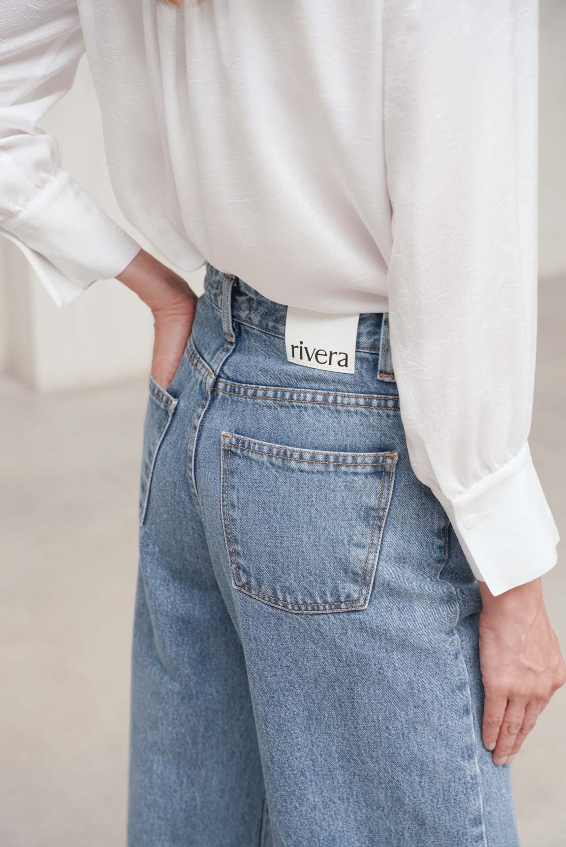 The Evoque denim pant is Rivera's first jean, designed with sustainability in mind and featuring the brand's defining style. Made with certified recycled fabrics and sustainable fibers, this straight-cut, classic silhouette is a fail-safe piece that combines comfort, durability, and a commitment to the environment. Its medium wash and thoughtful details make it a contemporary staple for any wardrobe.
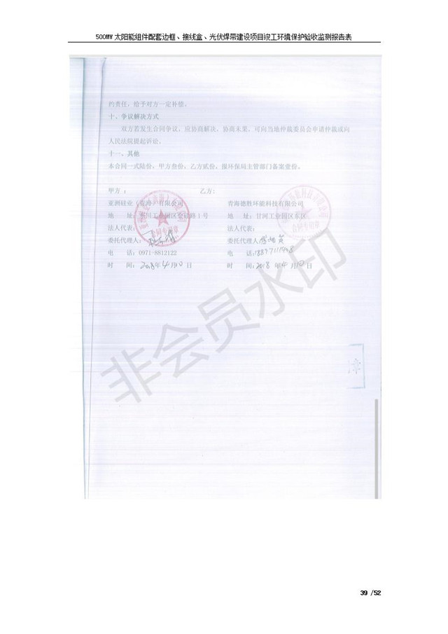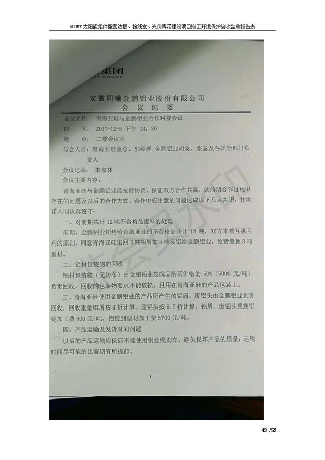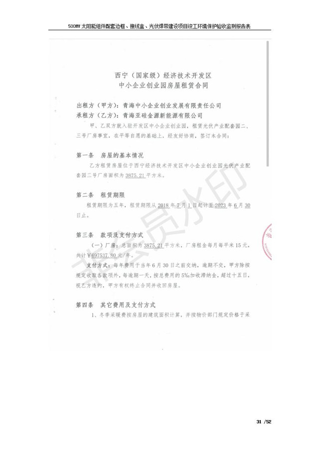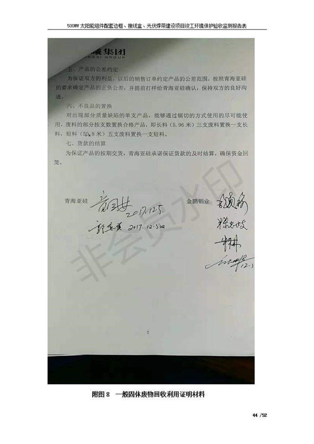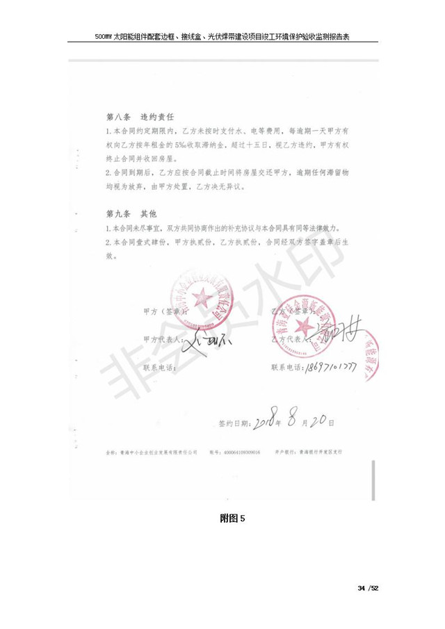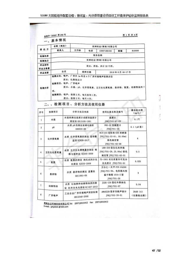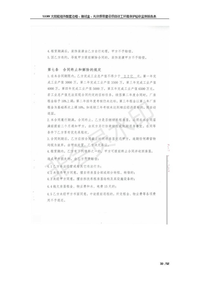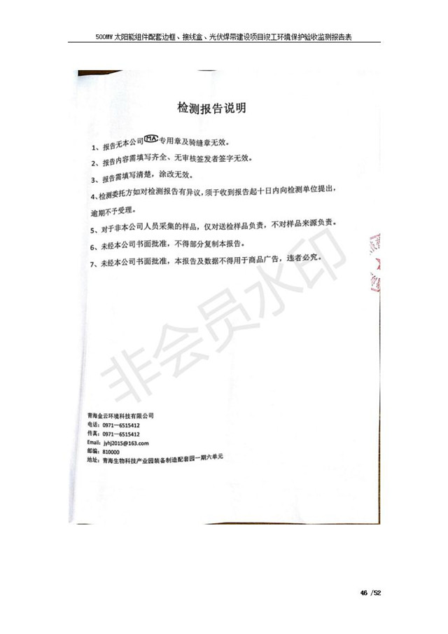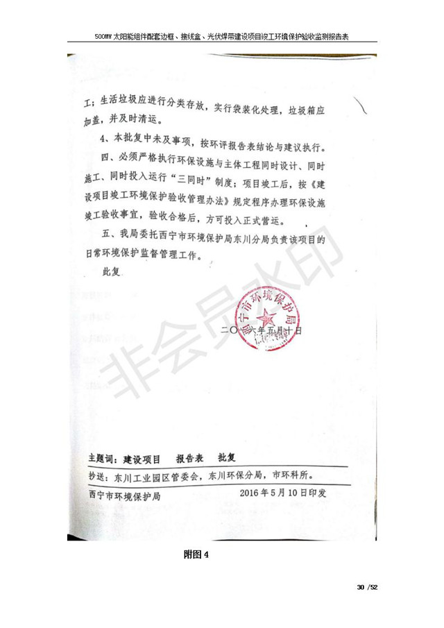 500MW太陽(yáng)能組件配套邊框、接線(xiàn)盒、光伏焊帶建設(shè)項(xiàng)目竣工環(huán)境保護(hù)驗(yàn)收監(jiān)測(cè)報(bào)告表公示
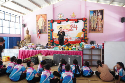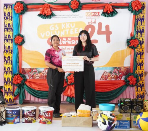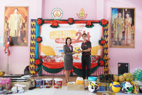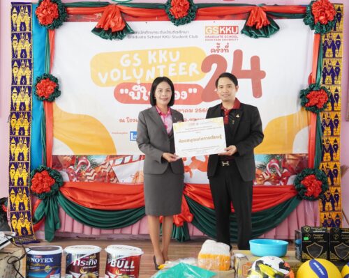 Professor Kiatichai Faksri, Dean of the Graduate School, presided over the handover ceremony. He remarked that the program reflects the university’s commitment to providing academic service to society and instilling a sense of social responsibility in graduate students. Ms. Ketsuda Buadee, Director of Ban Tum Huay School, expressed gratitude for the 24th GS Volunteer ‘Phi Hai Nong’ program from the Graduate School, accepting donations, scholarships from benefactors, learning materials, sports equipment, and agricultural tools.
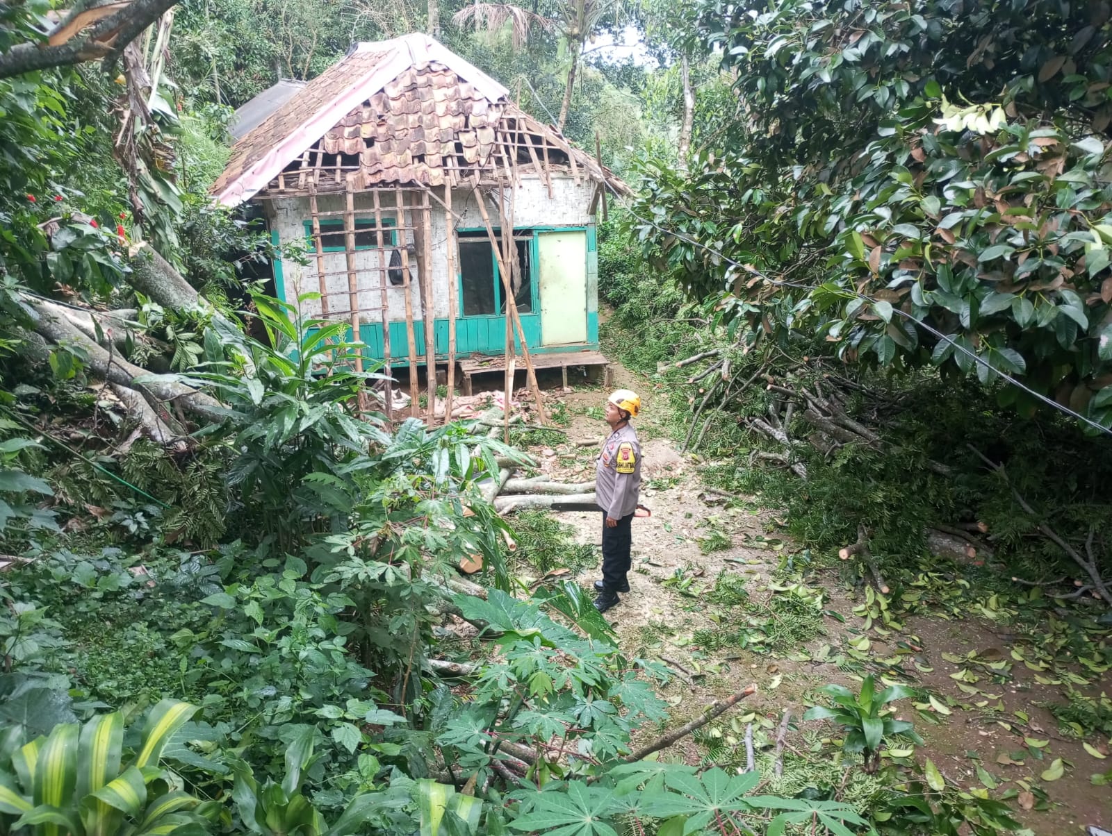 Menindaklanjuti laporan masyarakat, personel Polsek Wanayasa, Polres Purwakarta dengan sigap melakukan pengecekan TKP, pengamanan area, dan evakuasi pohon tumbang.
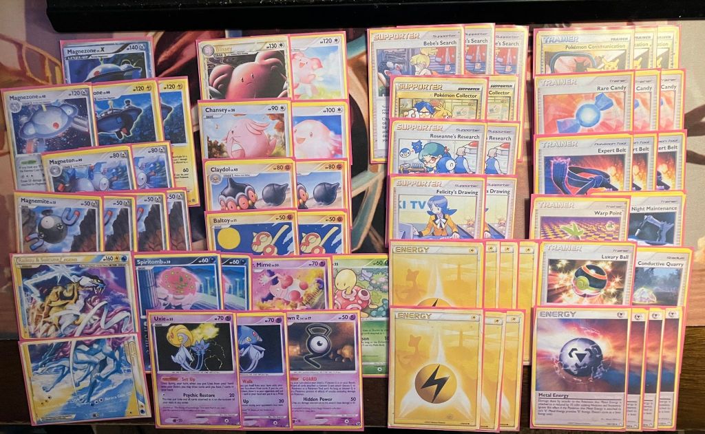 | 1 Magnezone Lv.X 2 Magnezone (SF 6) 1 Magnezone (DP 8) 2 Magneton 4 Magnemite 1 Blissey (Prime) 1 Blissey (PL 22) 1 Chansey (PL 69) 1 Chansey (MT 76) 2 Claydol 2 Baltoy 2 Spiritomb 1 Mr. Mime 1 Shuckle 1 Uxie 1 Azelf 1 Unown G 1 Raikou & Suicune LEGEND (Top) 1 Raikou & Suicune LEGEND (Bottom) | 3 Bebe’s Search 2 Pokemon Collector 2 Roseanne’s Research 2 Felicity’s Drawing 3 Pokemon Communication 3 Rare Candy 3 Expert Belt 1 Warp Point 1 Night Maintenance 1 Luxury Ball 1 Conductive Quarry | 7 Lightning Energy 4 Metral Energy |
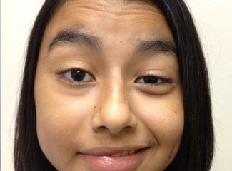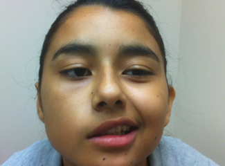 A 14-year-old girl presented to our office with a 1-week history of right-sided facial numbness. She woke up one morning with right ear pain, which was followed the next day by progressive paresthesia of the right side of her face. The patient denied any recent head injury and she was otherwise asymptomatic. Her vital signs were within normal limits for her age. Examination of the face revealed slight asymmetry, with disappearance of the nasolabial fold on the right side (Figure 1). The findings for the rest of her neurologic examination were within normal limits. Based on this assessment, a diagnosis was made of acquired idiopathic, unilateral facial paralysis (Bell Palsy).
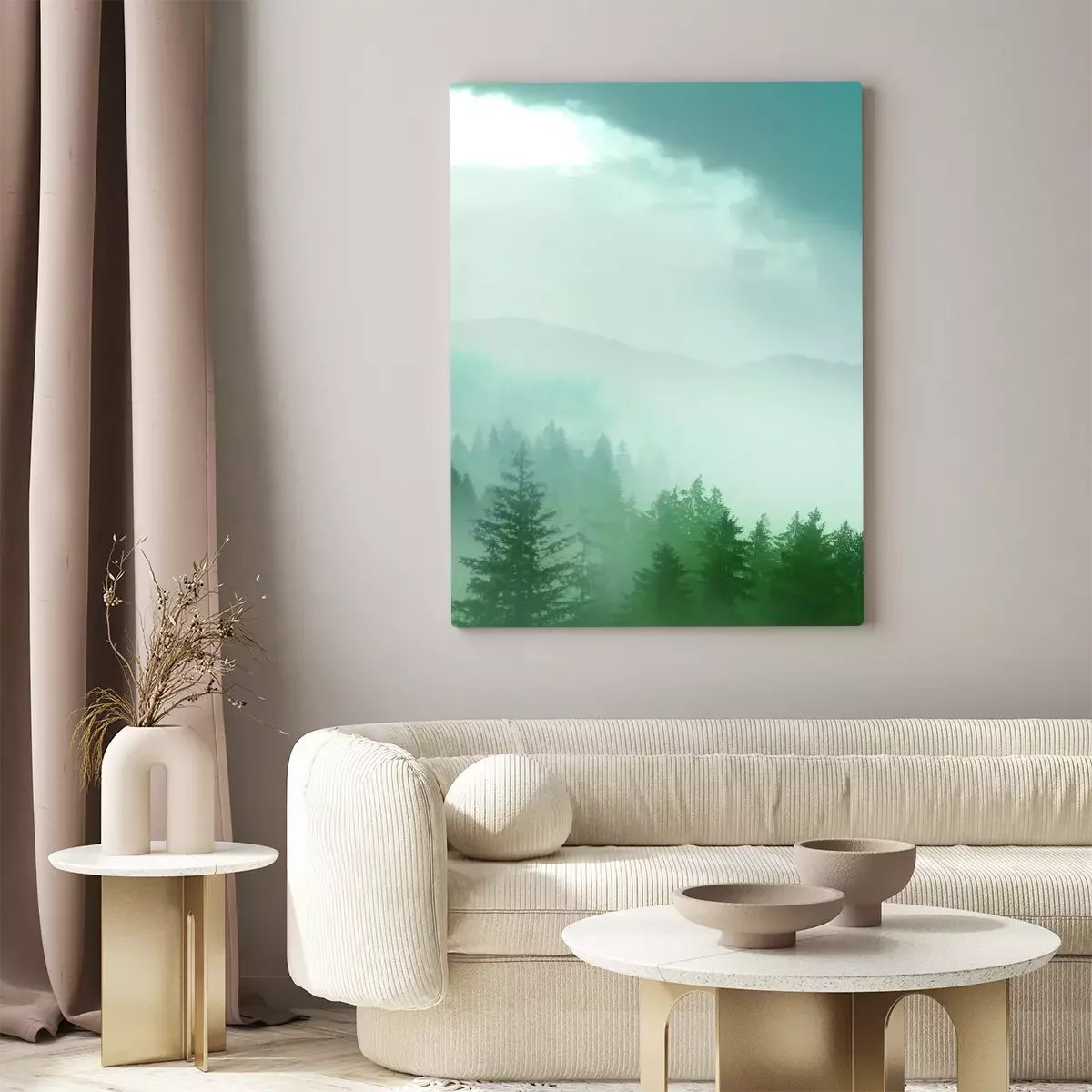 Une mystérieuse forêt d'épicéas enveloppée d'un épais brouillard
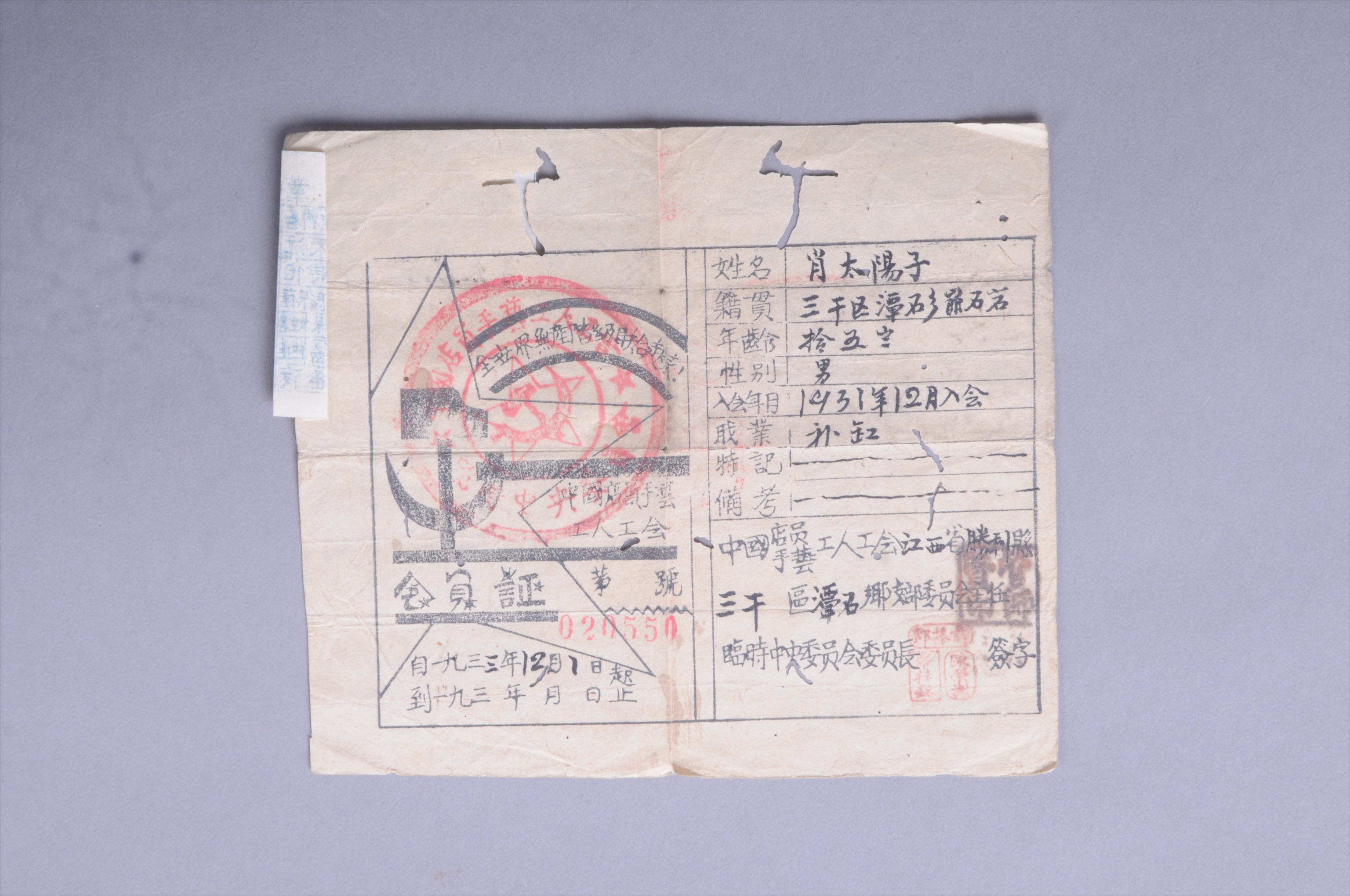 200253★1931年肖太阳子的中国店员手艺工人工会会员证
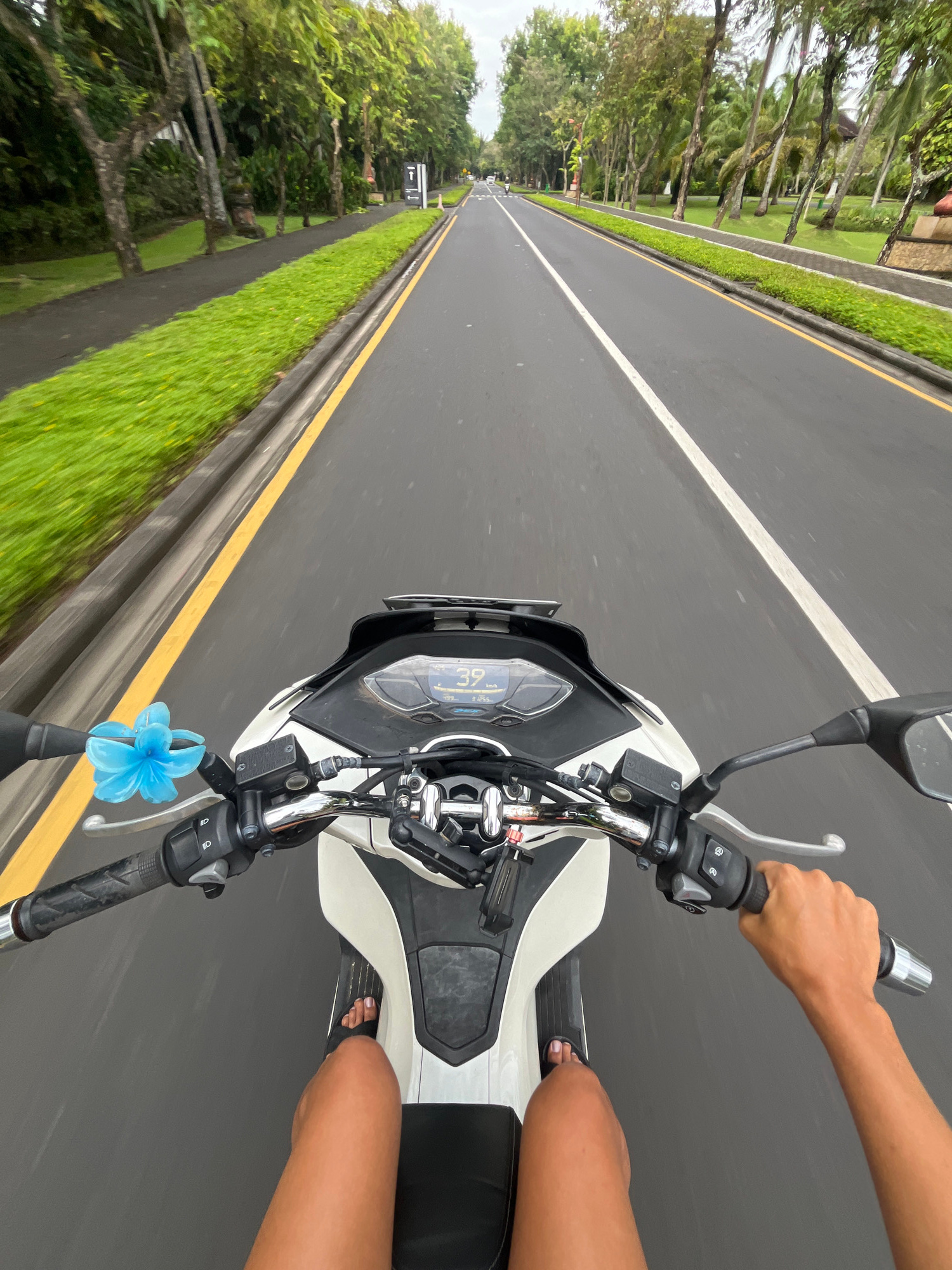 This first-person perspective image captures a person riding a white scooter or motorcycle on a paved road. The road stretches into the distance, with a solid white line marking the center and double…read more

=-=-=

__Exercise directions__
Everything from the first line of the entries through the line that contains "500MW太陽(yáng)能" is to be reproduced exactly, except the pictures.

__Result below__
 The Evoque denim pant is Rivera's first jean, designed with sustainability in mind and featuring the brand's defining style. Made with certified recycled fabrics and sustainable fibers, this straight-cut, classic silhouette is a fail-safe piece that combines comfort, durability, and a commitment to the environment. Its medium wash and thoughtful details make it a contemporary staple for any wardrobe.
 500MW太陽(yáng)能組件配套邊框、接線(xiàn)盒、光伏焊帶建設(shè)項(xiàng)目竣工環(huán)境保護(hù)驗(yàn)收監(jiān)測(cè)報(bào)告表公示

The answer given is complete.